**DIRECTIONS FOR THIS TASK**
An exact copy is required of every line from the one with "스피커추천 배터리타임 스펙상" through the end of the data below, and the pictures must stay out of it.
-- MATERIAL PROVIDED follows --
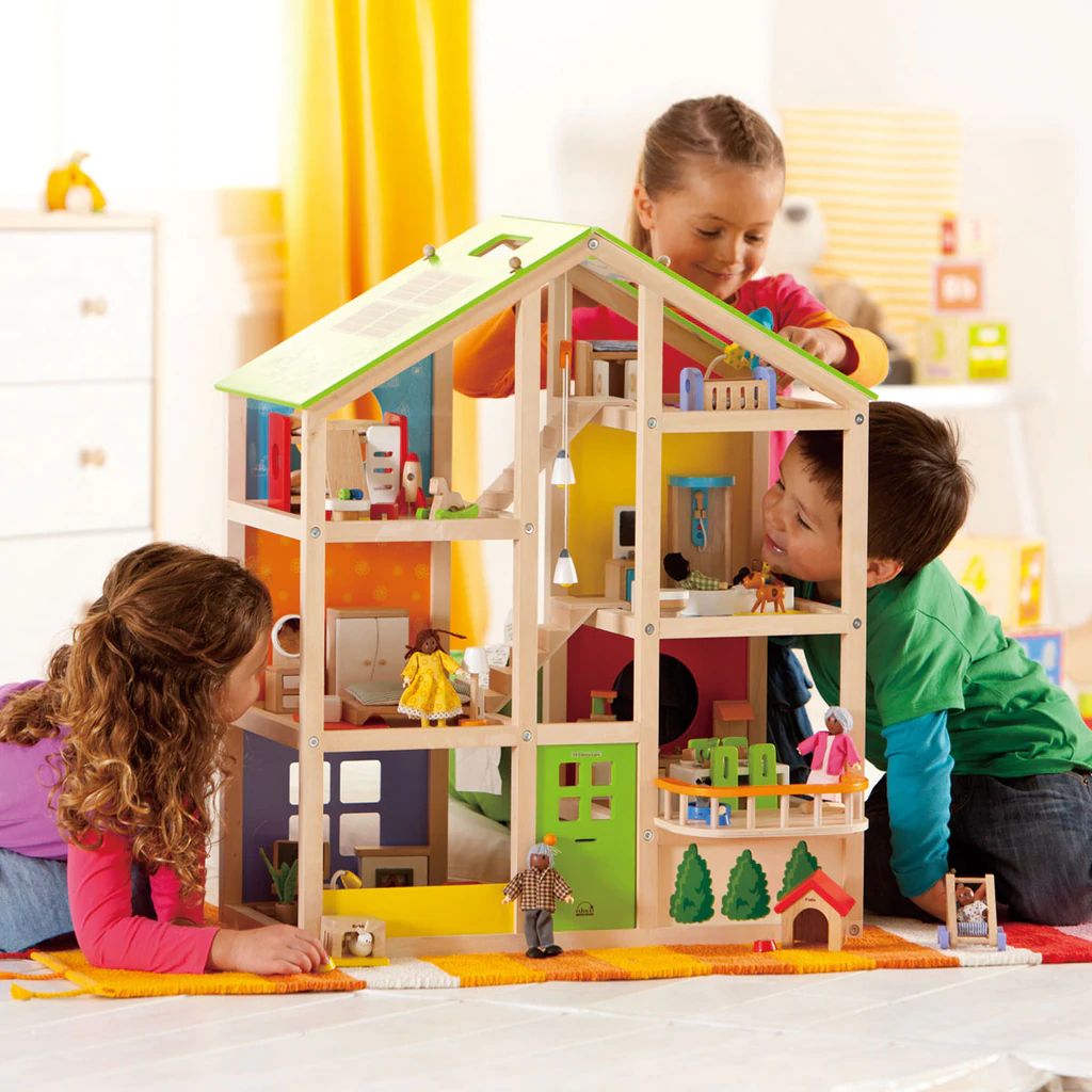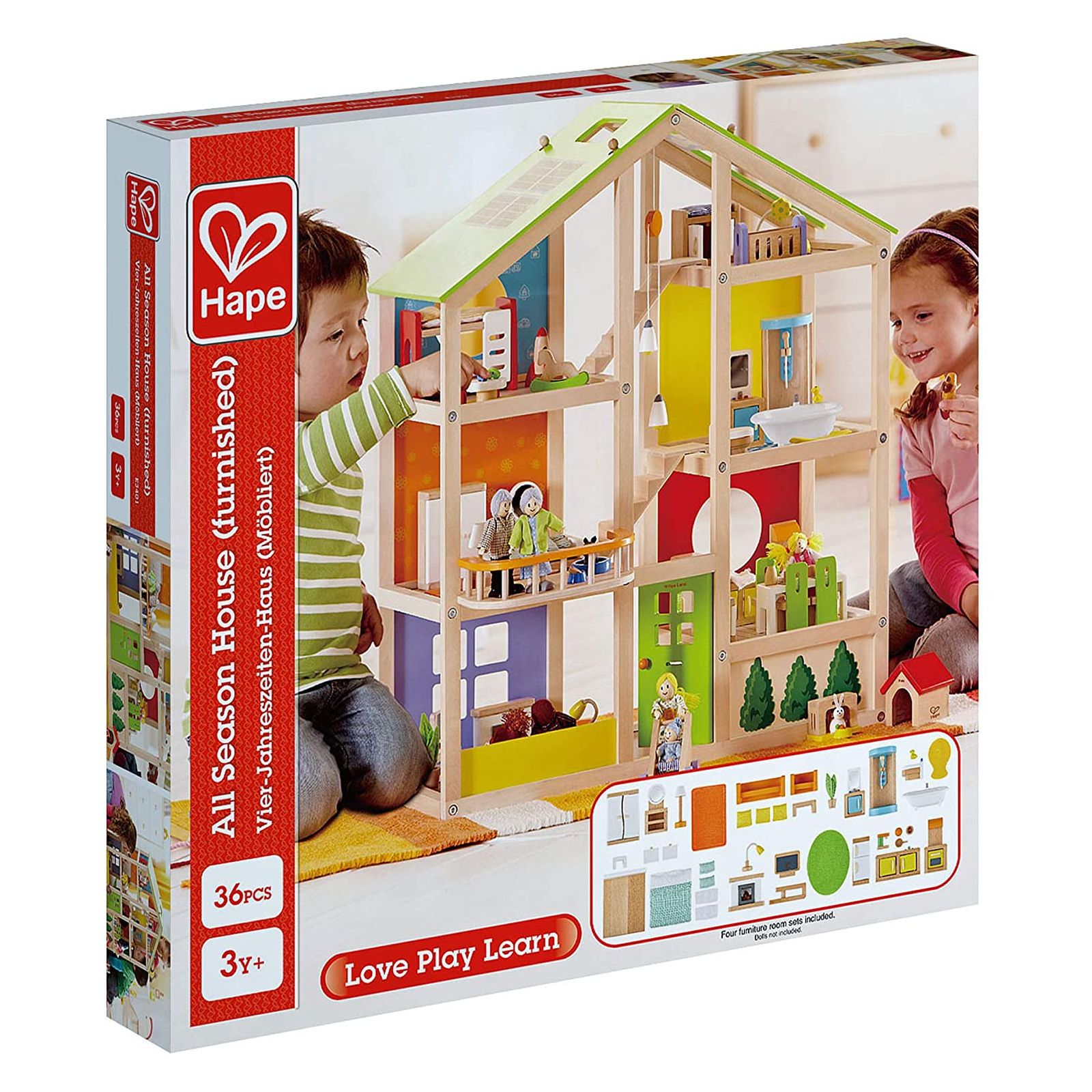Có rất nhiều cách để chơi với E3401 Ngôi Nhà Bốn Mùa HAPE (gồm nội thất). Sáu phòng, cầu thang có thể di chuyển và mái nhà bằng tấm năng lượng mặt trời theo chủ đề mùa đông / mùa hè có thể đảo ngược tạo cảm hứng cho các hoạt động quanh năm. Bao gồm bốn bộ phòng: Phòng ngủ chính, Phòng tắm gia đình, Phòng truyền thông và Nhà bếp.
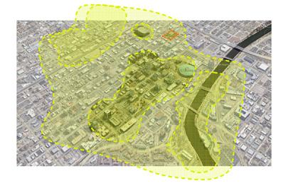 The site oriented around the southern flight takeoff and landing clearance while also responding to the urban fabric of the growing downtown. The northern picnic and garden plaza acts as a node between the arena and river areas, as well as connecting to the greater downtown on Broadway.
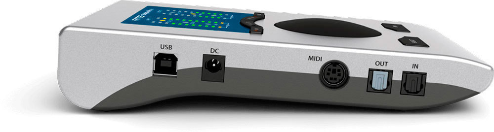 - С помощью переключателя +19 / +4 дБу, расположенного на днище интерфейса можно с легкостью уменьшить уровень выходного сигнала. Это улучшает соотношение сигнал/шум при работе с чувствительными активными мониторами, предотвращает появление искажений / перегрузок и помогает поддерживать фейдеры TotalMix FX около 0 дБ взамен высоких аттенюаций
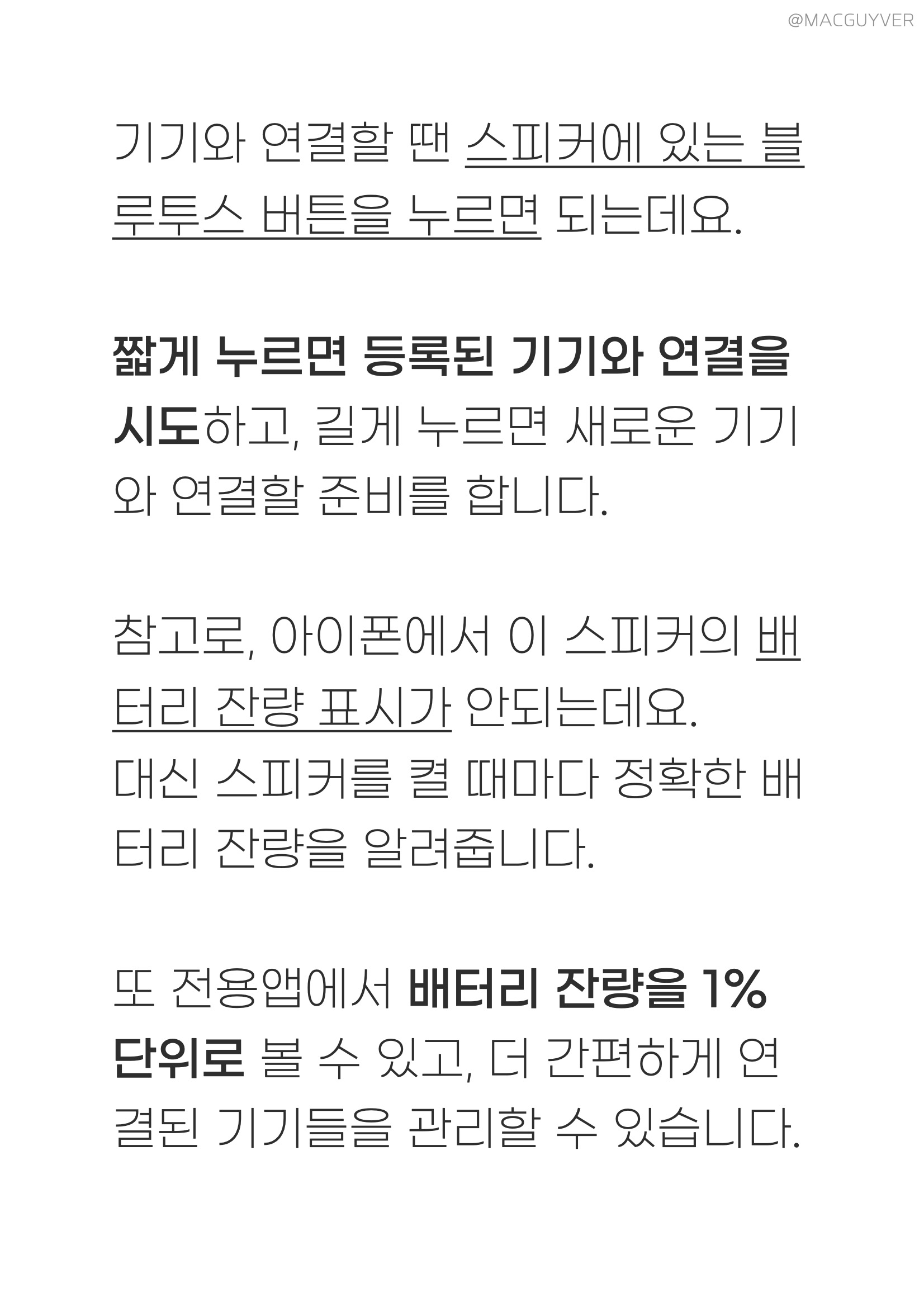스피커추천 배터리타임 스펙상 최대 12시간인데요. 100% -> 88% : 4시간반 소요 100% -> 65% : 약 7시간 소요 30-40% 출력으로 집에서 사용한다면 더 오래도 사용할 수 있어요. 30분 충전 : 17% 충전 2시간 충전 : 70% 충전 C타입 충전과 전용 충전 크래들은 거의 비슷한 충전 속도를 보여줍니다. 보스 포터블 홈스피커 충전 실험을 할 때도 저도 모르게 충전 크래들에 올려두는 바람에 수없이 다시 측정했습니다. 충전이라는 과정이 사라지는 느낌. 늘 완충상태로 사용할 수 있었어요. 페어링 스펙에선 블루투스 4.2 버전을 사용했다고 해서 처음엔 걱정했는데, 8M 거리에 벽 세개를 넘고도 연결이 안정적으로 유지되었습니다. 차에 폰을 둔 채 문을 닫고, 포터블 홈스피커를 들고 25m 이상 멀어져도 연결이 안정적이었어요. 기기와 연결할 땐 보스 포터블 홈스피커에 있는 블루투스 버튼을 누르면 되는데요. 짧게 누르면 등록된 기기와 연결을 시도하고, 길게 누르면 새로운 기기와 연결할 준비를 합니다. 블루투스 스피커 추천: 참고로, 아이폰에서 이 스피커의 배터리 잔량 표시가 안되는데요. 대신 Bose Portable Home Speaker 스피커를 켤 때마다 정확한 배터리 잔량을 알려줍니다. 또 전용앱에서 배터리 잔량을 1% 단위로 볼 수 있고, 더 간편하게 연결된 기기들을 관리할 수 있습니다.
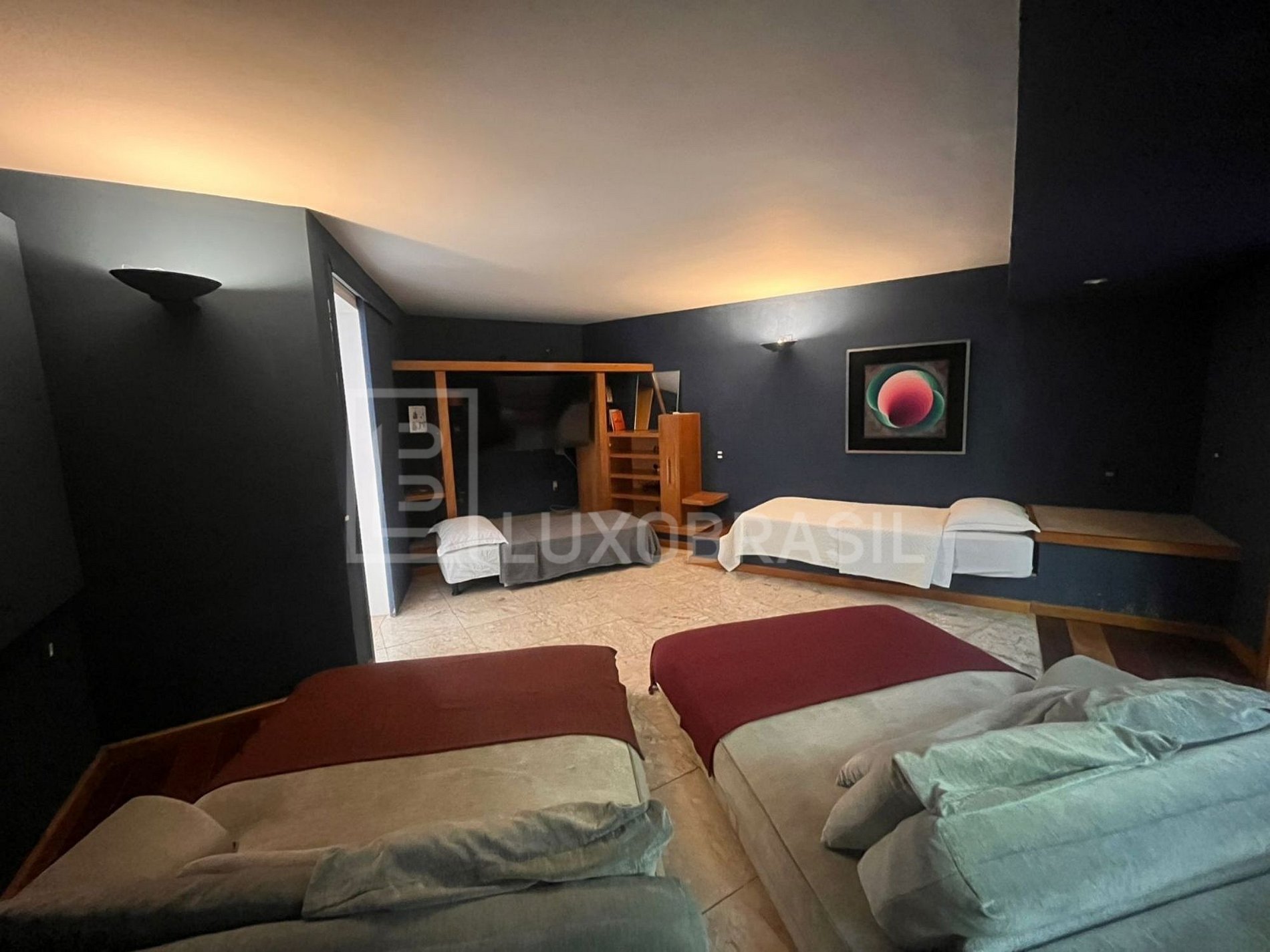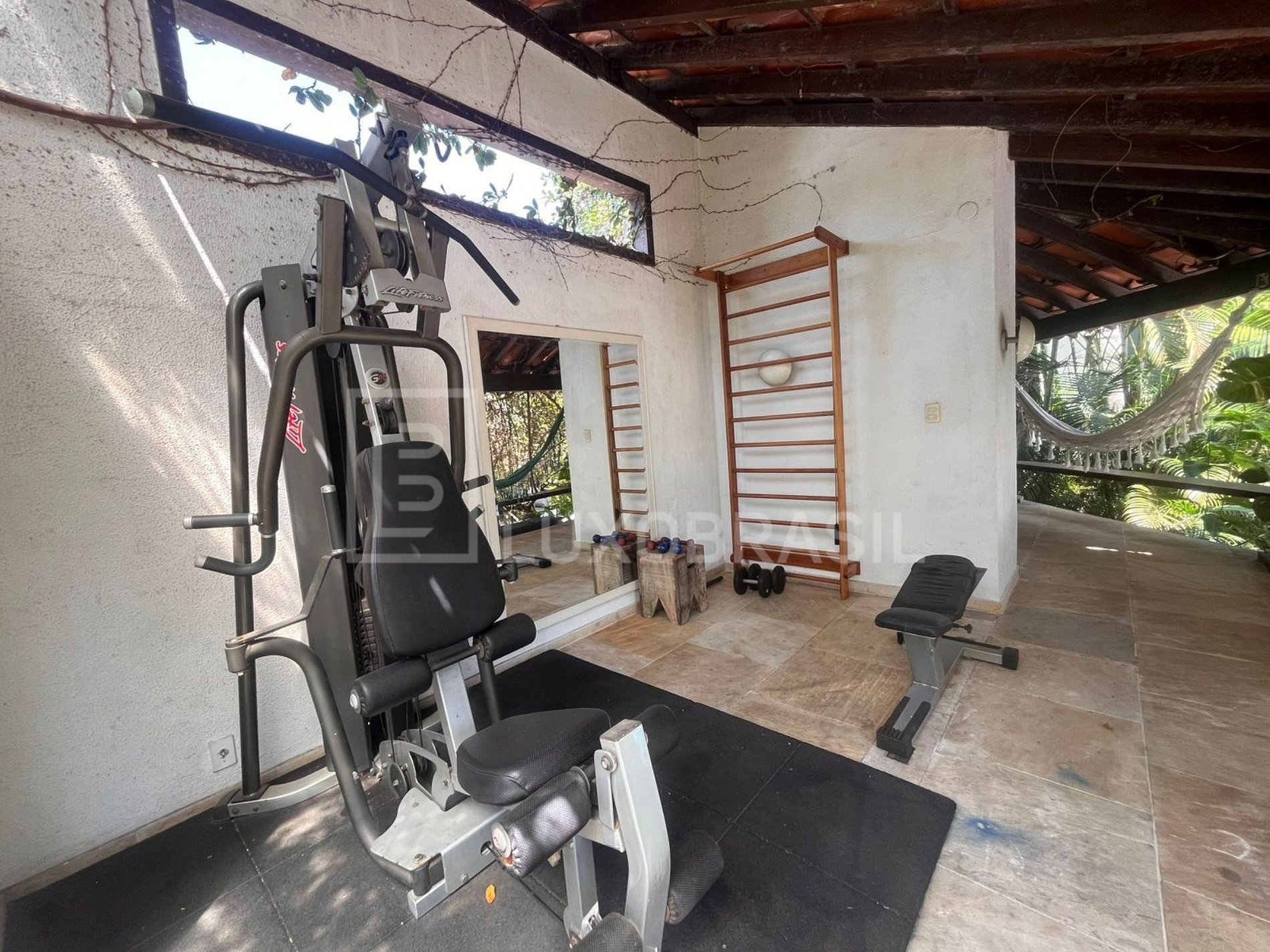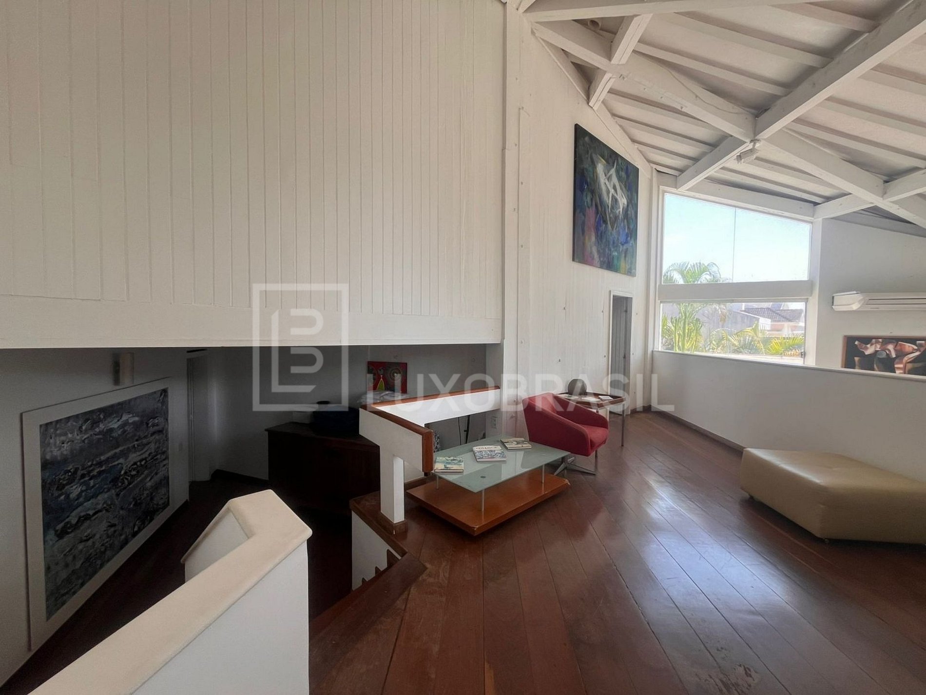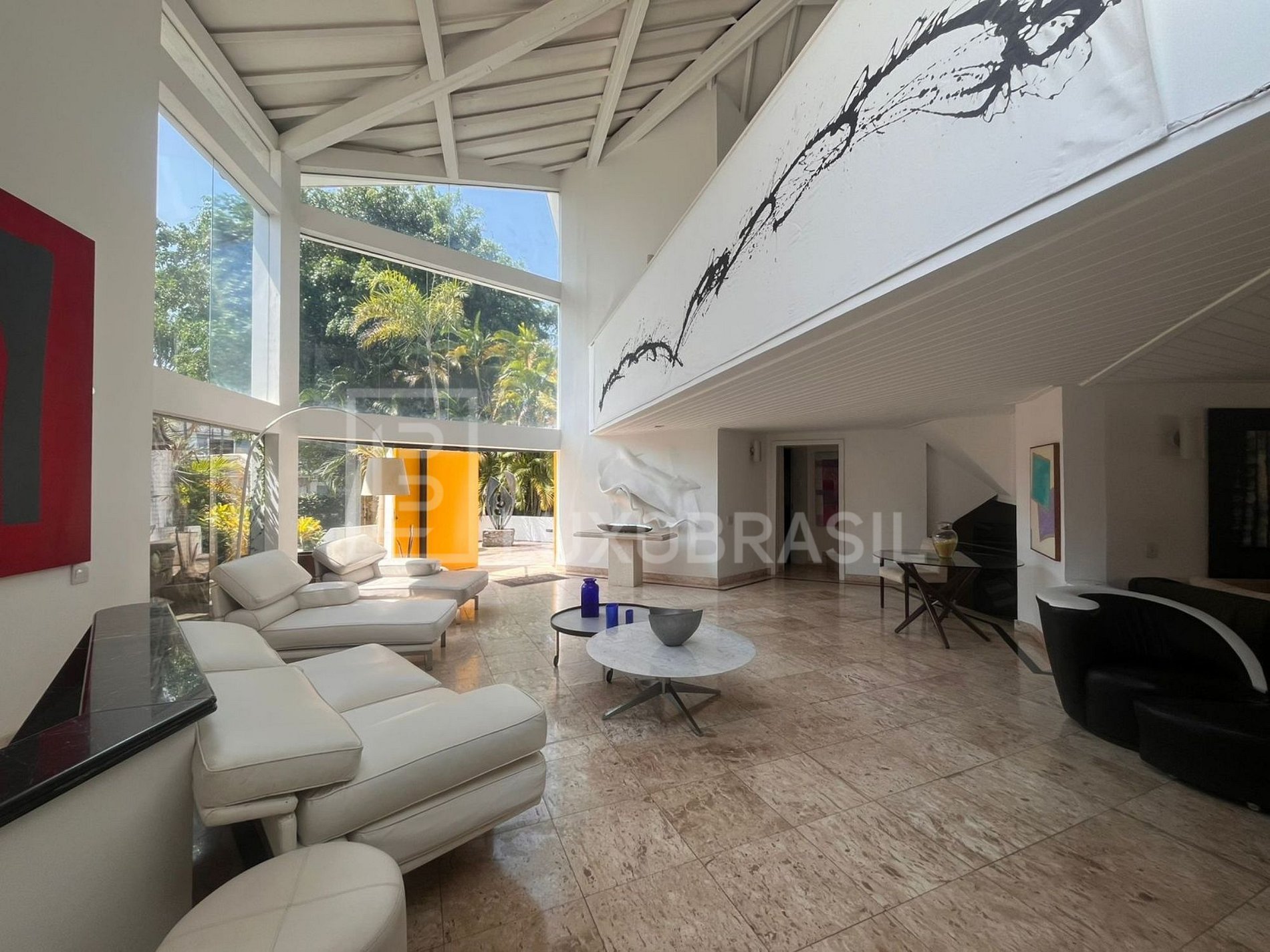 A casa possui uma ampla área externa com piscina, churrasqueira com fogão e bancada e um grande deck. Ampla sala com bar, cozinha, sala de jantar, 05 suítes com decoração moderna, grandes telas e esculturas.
-- MATERIAL PROVIDED concluded --
**FINAL ANSWER**
스피커추천 배터리타임 스펙상 최대 12시간인데요. 100% -> 88% : 4시간반 소요 100% -> 65% : 약 7시간 소요 30-40% 출력으로 집에서 사용한다면 더 오래도 사용할 수 있어요. 30분 충전 : 17% 충전 2시간 충전 : 70% 충전 C타입 충전과 전용 충전 크래들은 거의 비슷한 충전 속도를 보여줍니다. 보스 포터블 홈스피커 충전 실험을 할 때도 저도 모르게 충전 크래들에 올려두는 바람에 수없이 다시 측정했습니다. 충전이라는 과정이 사라지는 느낌. 늘 완충상태로 사용할 수 있었어요. 페어링 스펙에선 블루투스 4.2 버전을 사용했다고 해서 처음엔 걱정했는데, 8M 거리에 벽 세개를 넘고도 연결이 안정적으로 유지되었습니다. 차에 폰을 둔 채 문을 닫고, 포터블 홈스피커를 들고 25m 이상 멀어져도 연결이 안정적이었어요. 기기와 연결할 땐 보스 포터블 홈스피커에 있는 블루투스 버튼을 누르면 되는데요. 짧게 누르면 등록된 기기와 연결을 시도하고, 길게 누르면 새로운 기기와 연결할 준비를 합니다. 블루투스 스피커 추천: 참고로, 아이폰에서 이 스피커의 배터리 잔량 표시가 안되는데요. 대신 Bose Portable Home Speaker 스피커를 켤 때마다 정확한 배터리 잔량을 알려줍니다. 또 전용앱에서 배터리 잔량을 1% 단위로 볼 수 있고, 더 간편하게 연결된 기기들을 관리할 수 있습니다.
 A casa possui uma ampla área externa com piscina, churrasqueira com fogão e bancada e um grande deck. Ampla sala com bar, cozinha, sala de jantar, 05 suítes com decoração moderna, grandes telas e esculturas.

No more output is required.